In 1981, she was named one of the outstanding women in aerospace by Aerospace Magazine.

== EPA ==
On February 18, 1982, President Ronald Reagan announced his intention to nominate Lavelle for assistant administrator of the U.S. Environmental Protection Agency for solid waste and emergency response. Her position included directing the hazardous waste control program and the $1.6 billion "Superfund" program which provides for the emergency cleanup of chemical spills and hazardous waste dumps.

EPA Administrator Anne Gorsuch described Lavelle as bringing "over 12 years of professional experience in state government and private industry to the agency" and went on to say that "she has demonstrated expertise in getting results, as shown by her record with the executive branch of government in California, with a mid-sized chemical firm and with a large diversified international corporation."

Lavelle had held several positions of responsibility in the California Republican Party, including membership on the executive board of directors of California Federated Republican Women and the Sacramento and Alameda County central committees.

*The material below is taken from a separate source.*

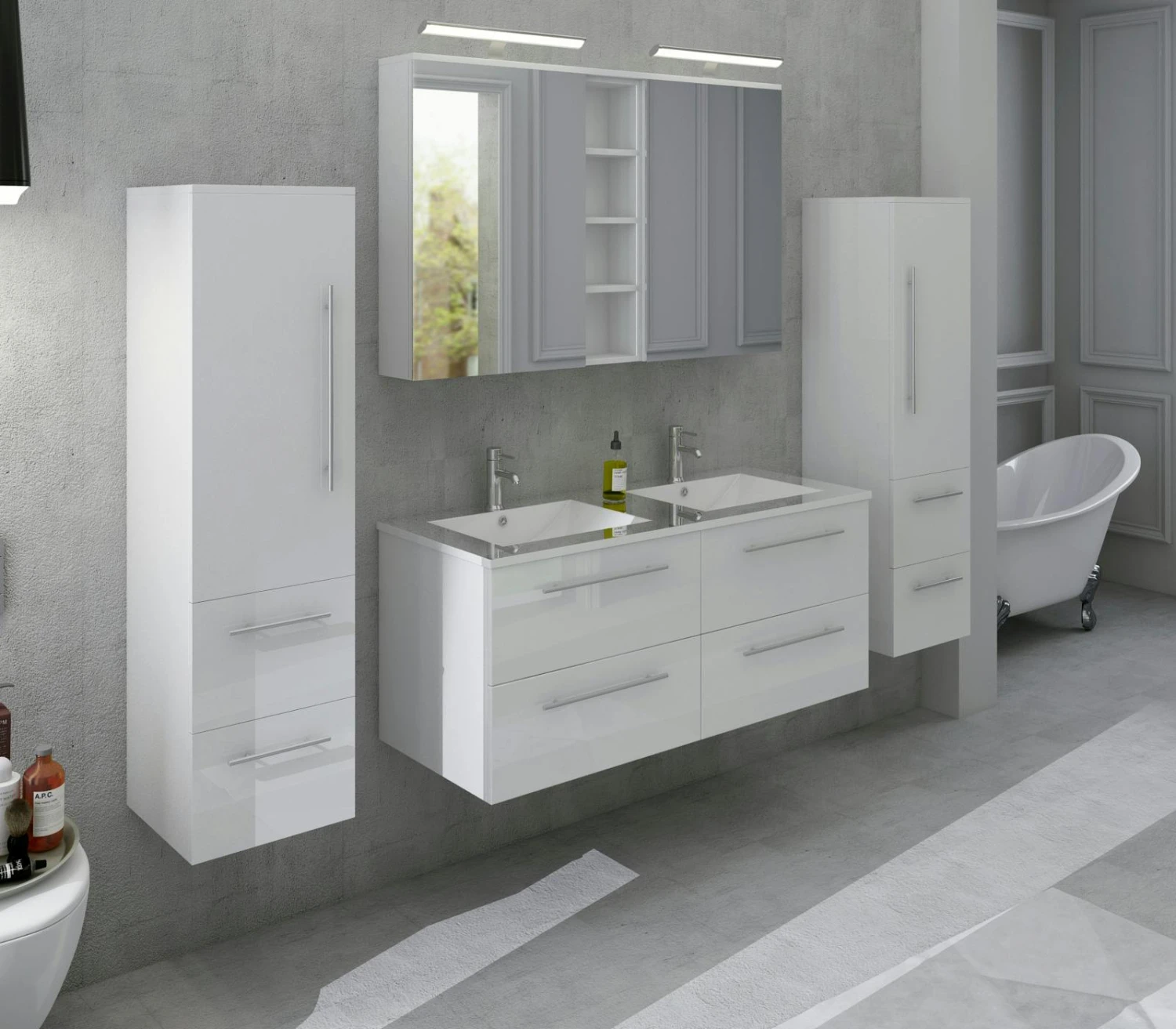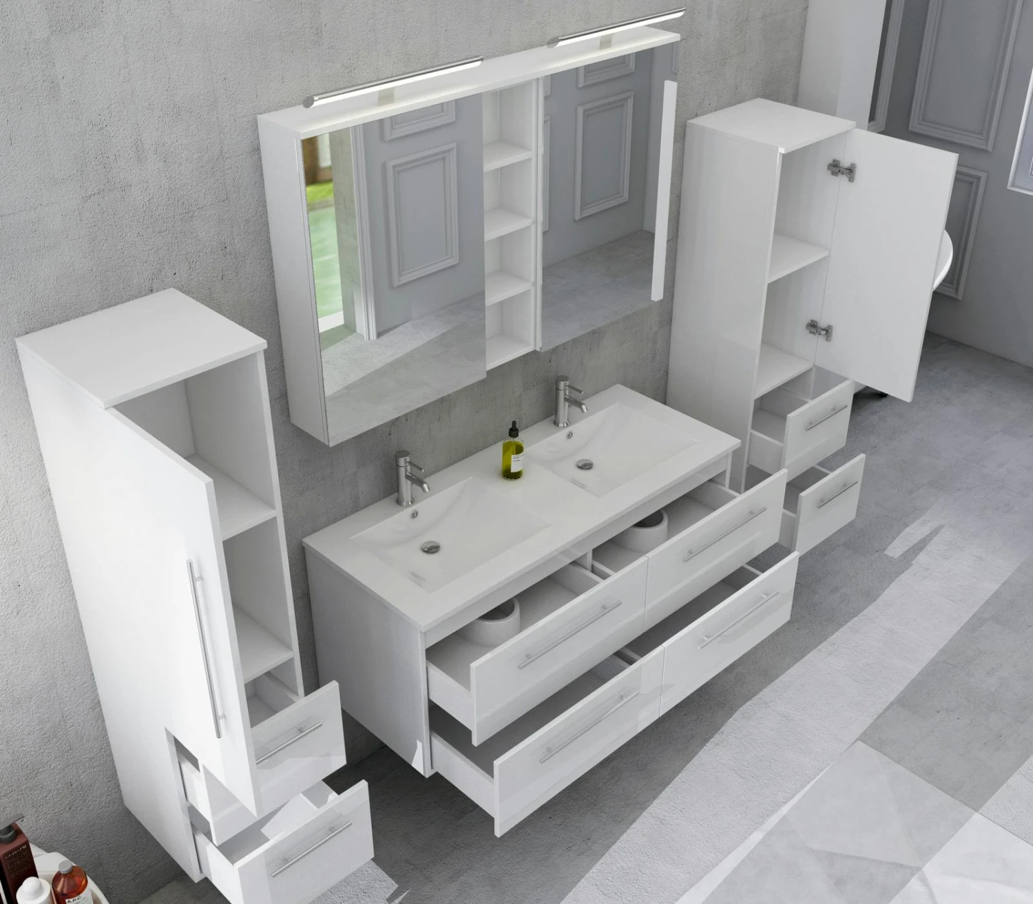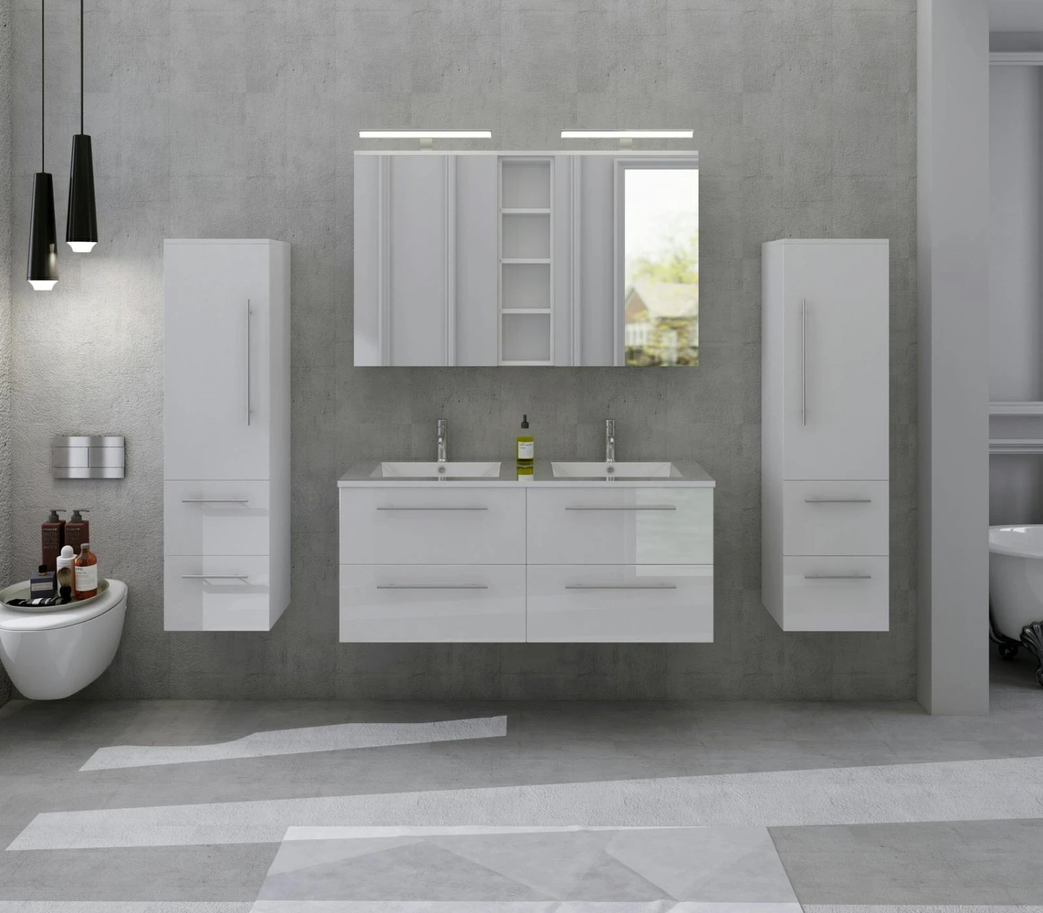 Genießen Sie die Auszeit in Ihrer kleinen Wellness-Oase mit diesem geschmacksvollen Badezimmer Set. Nicht nur das Design, sondern auch die Funktionalität werden Sie überzeugen. Die Doppelwaschbecken sind edel und ausgefallen, zudem sparen sie durch ihre spezielle Form auch noch Wasser. Das morgendliche Anstehen hat somit ein Ende. In dem großzügigen Spiegelschrank finden Sie genügend Platz für Schminksachen, Deos, Zahnbürsten und dergleichen. Das kleine Regal in der Mitte des Spiegelschranks kann als nützliche Ablage für Parfum dienen. In den Hängeschränken verbirgt sich genug Stauraum für Handtücher, Kosmetik- und Pflegeartikel. Die Soft-Close Funktion lässt alle Türen und Schubladen fast geräuschlos schließen.

=== Superfund conviction ===
Lavelle was indicted on federal perjury charges after an investigation was launched based on evidence submitted by another EPA employee, whistleblower Hugh Kaufman. The evidence showed that Lavelle was involved with misuse of the EPA's "Superfund" money during her tenure with the agency, and irregularities at the Stringfellow Acid Pits, a major hazardous waste site. In 1983, Lavelle was charged with contempt of Congress for refusing to answer questions about why she was removed as head of the toxic waste disposal program, but was acquitted at trial. In 1984, Lavelle was convicted of lying to Congress and served three months of a six-month prison sentence, paid a $10,000 fine and was under probation for five years.

==Environmental conviction==
Lavelle and a partner owned NuTECH Enterprises, Inc., an environmental consulting firm in Oceanside, California. Lavelle and Robert V. Cole, a part owner of Denova Environmental, Inc., a hazardous waste storage facility in Rialto, California, forged documents that purportedly bore the signature of Joseph Bertelli, the owner of Lemco Corporation in South Los Angeles, to make it appear that Bertelli owed Cole's company more than $52,000 for the removal and storage of hazardous waste. Those documents were used to obtain $36,441 from Capital Partners USA, Inc. Only when Capital Partners attempted to collect from Bertelli did it realize that Bertelli had neither signed the documents nor agreed to the bill, and Denova had never removed hazardous waste for Lemco.

On September 24, 2004, a jury in Los Angeles federal court found Lavelle guilty of one count of wire fraud and two counts of making false statements to the Federal Bureau of Investigation (FBI). Cole pleaded guilty to one count of wire fraud and was sentenced on December 16, 2004, to one year of probation and was ordered to pay a $3,000 fine. Lavelle was sentenced on January 10, 2005 to 15 months in federal prison. Rita Lavelle was released on July 6, 2007.